_Task instructions_. Starting with the first line of the listing, quote each line exactly until and including the one with "Üks Prangli vaatamisväärsusi", leaving pictures out.

*** Record extracts ***

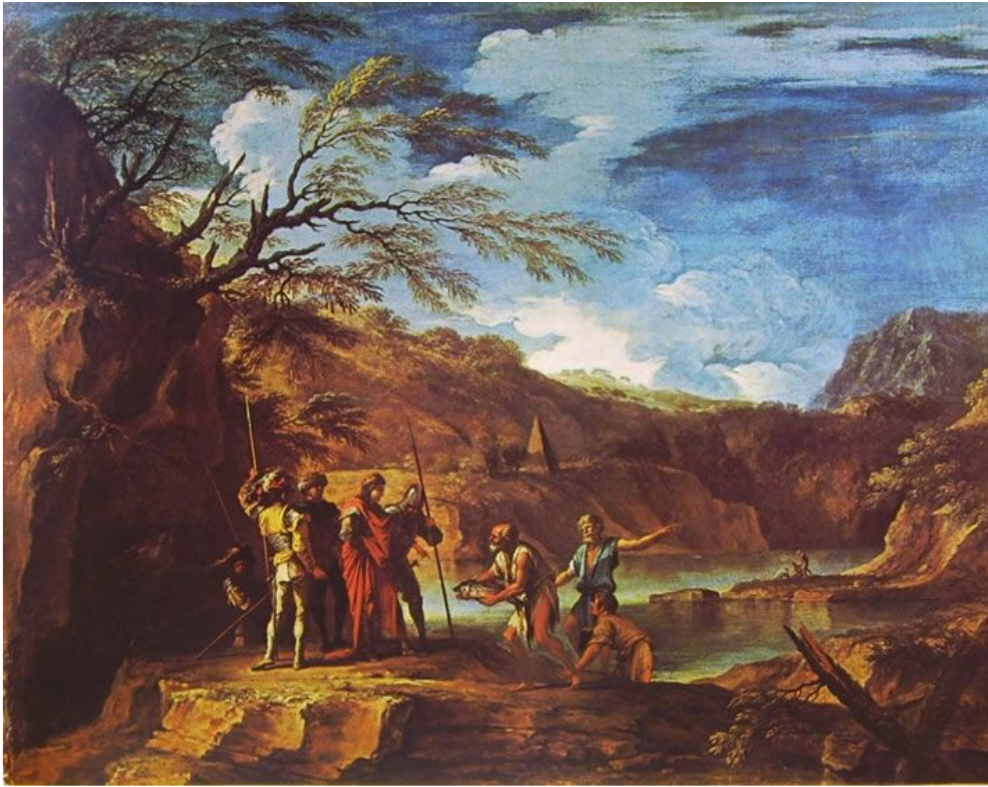
Arche Diem - L' ANELLO DI POLICRATE Erodoto, Storie III, 39-43.

D'altra parte niente di minor levatura di un qualche abitante dei cieli può prendersi cura in modo così minuzioso, ferocemente mirato, di noi, del nostro corpo e delle nostre faccende sentimentali e finanziarie, che una certa importanza ce l'hanno, quanto meno ai nostri occhi. A volte è davvero troppo per andare a cercare altri responsabili più peregrini. Al massimo sono solo stupidissimi strumenti.
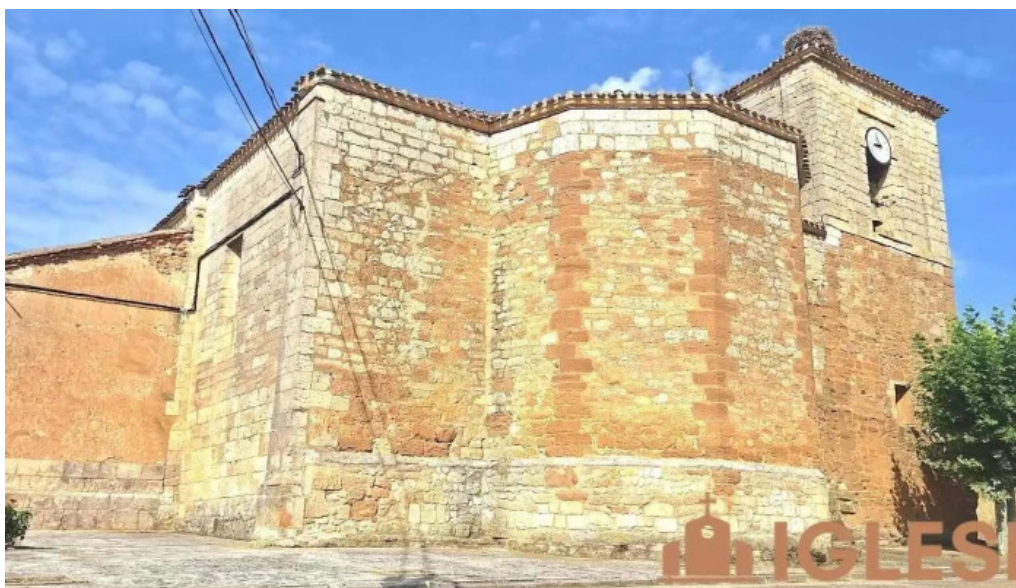
Iglesia de san cristobal osornillo
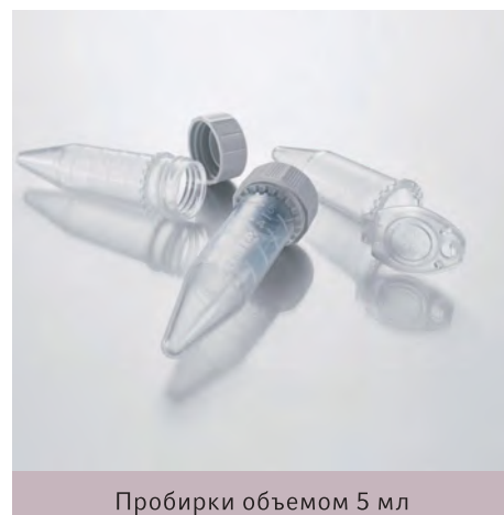
Пробирки объемом 5 мл
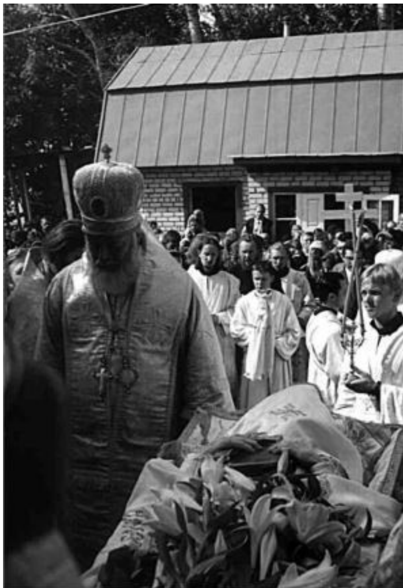
Прощание Владыки Евсевия со старцем Николаем

Тех, кто в эти дни добирался до острова, можно было сразу определить по глазам. Не знаю, как определить и назвать это чувство, но было видно без слов, что свой человек – православный. И путь его к батюшке.
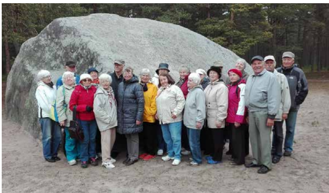
Üks Prangli vaatamisväärsusi on punane kivi saare lõunaosas.

Järgmine peatus oli Läänetsa külas Laurentsiuse kiriku juures. Kiriku alguseks loetakse 1848. aastat, aga pärast uue oreli ja ehituslike uuenduste rakendamist pühit-
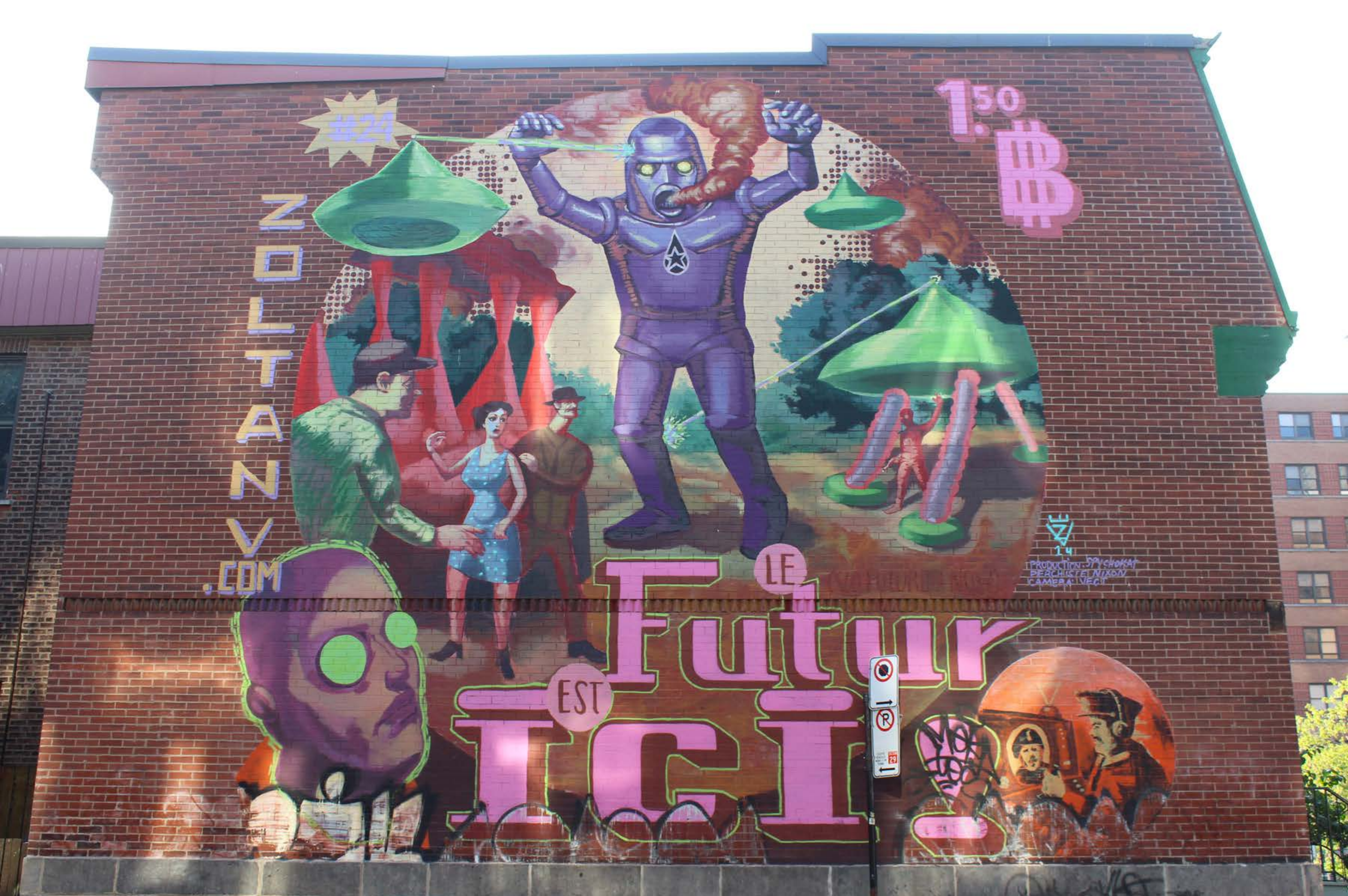
Zoltan, Canada, 2014 Emplacement / Location : Guilbault / Saint-Urbain
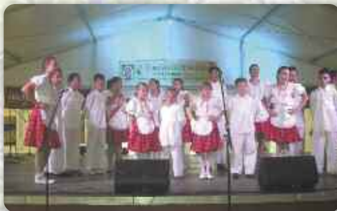
Миклошевска дзезинска фолклорна секција на Етно-сайму у Вуковаре

У пополадновим термину, на 14.30 годзин на етно сайму, под вельким шатором на Плоци Републики Горватскеј, наступело и КУД «Осиф Костелник» з Вуковару. Їх програма тирвала коло godzину и пол. Зоз таким богатим
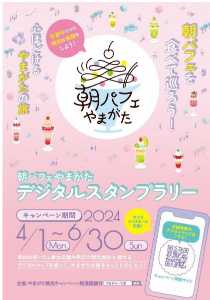
(例)漆山果樹園のパフェ
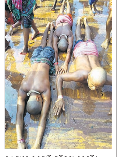
ଭକ୍ତମାନେ ଦଣ୍ଡମାରି ପରିକ୍ରମା କରୁଛନ୍ତି।

କିୟଦନ୍ତୀ ଅନୁଯାୟୀ, ସପ୍ତମ ଛନ୍ଦ ବେଳେ ବାସୁକୀ ନାଗର ବିଷକୁ ନାଳକଣ୍ଠ ପାନ କରିଥିବାରୁ ତାଙ୍କୁ ନାଳକଣ୍ଠ କୁହାଯାଏ। ଏହିଦିନ ନାଳକଣ୍ଠକୁ ଜଳାଭିଷେକ କଲେ ଭକ୍ତଙ୍କୁ ଭଗବାନ ବରଦାନ କରିଥାନ୍ତି। ଅପରପକ୍ଷରେ ଐତିହାସିକ ତଥ୍ୟ ଅନୁଯାୟୀ ବ୍ରହ୍ମଣ୍ୟ ଶ୍ରୀମନ୍ଦିରରେ ଏହି ଅଞ୍ଚଳରେ ନାଳକଣ୍ଠ କୁଷକମାନେ କରିଥିବାରୁ ବ୍ରହ୍ମଣ୍ୟମାନେ କୁଷକଙ୍କ ସ୍ତମ୍ଭରେ ପଞ୍ଚଳକୁ ଲୁଚି ନେଉଥିଲେ। ଏଥିପାଇଁ ଅଞ୍ଚଳର ଲୋକେ ଅତ୍ୟାଚାରୀ ବ୍ରହ୍ମଣ୍ୟ ହଟିଯାଇ ବୋଲି ଚନ୍ଦନେଶ୍ୱର ଜାଉଳା ଆରାଧନା କରିଥିଲେ ବୋଲି ପ୍ରବାବ ରହିଛି।
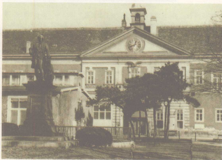
✘ 1882年，弗洛伊德进入维也纳总医院，在维也纳大学教授诺特纳杰手下当实习医生。

他将发现告诉了他的一个朋友，由那个朋友亲自进行手术并且宣布了，他根本没有提弗洛伊德的名字。因为研究可卡因，弗洛伊德还很可能成了西方第一个吸毒者，他又将可卡因推荐给他的朋友，使他上了瘾，为
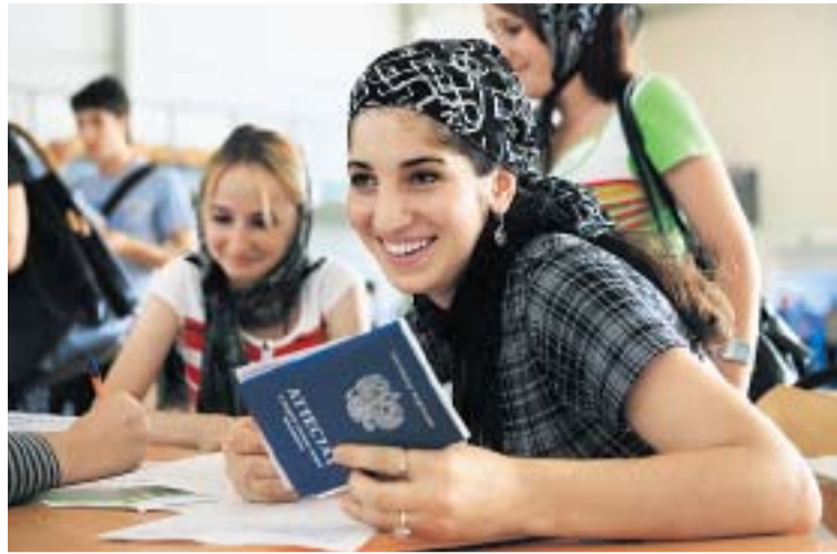
ЧЕЧЕНСКИЕ СТУДЕНТКИ ОБЯЗАНЫ ХОДИТЬ НА ЗАНЯТИЯ В ПЛАТКАХ
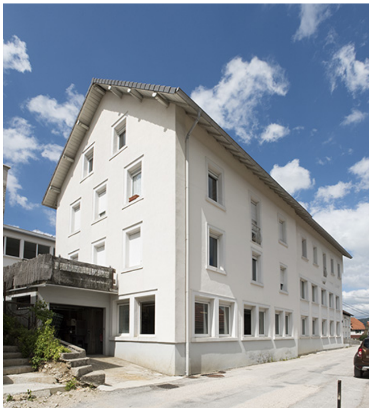
Bâtiments rue de l'Horlogerie : façades sud et ouest.
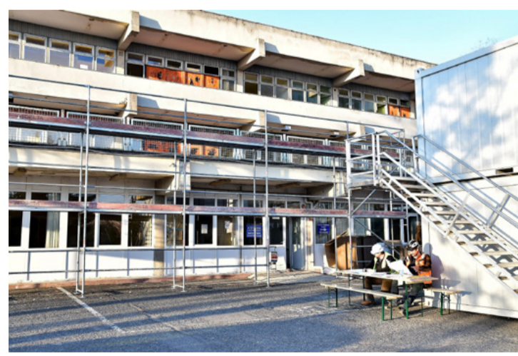
Építik, vagy bontják? – ez itt a kérdés
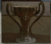
პრესკონფერენცია და ისტორია
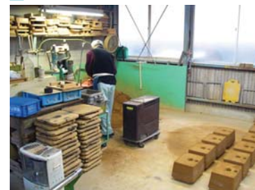
砂型 casting (試作)

***

_Result_.
Arche Diem - L' ANELLO DI POLICRATE Erodoto, Storie III, 39-43.

D'altra parte niente di minor levatura di un qualche abitante dei cieli può prendersi cura in modo così minuzioso, ferocemente mirato, di noi, del nostro corpo e delle nostre faccende sentimentali e finanziarie, che una certa importanza ce l'hanno, quanto meno ai nostri occhi. A volte è davvero troppo per andare a cercare altri responsabili più peregrini. Al massimo sono solo stupidissimi strumenti.
Iglesia de san cristobal osornillo
Пробирки объемом 5 мл
Прощание Владыки Евсевия со старцем Николаем

Тех, кто в эти дни добирался до острова, можно было сразу определить по глазам. Не знаю, как определить и назвать это чувство, но было видно без слов, что свой человек – православный. И путь его к батюшке.
Üks Prangli vaatamisväärsusi on punane kivi saare lõunaosas.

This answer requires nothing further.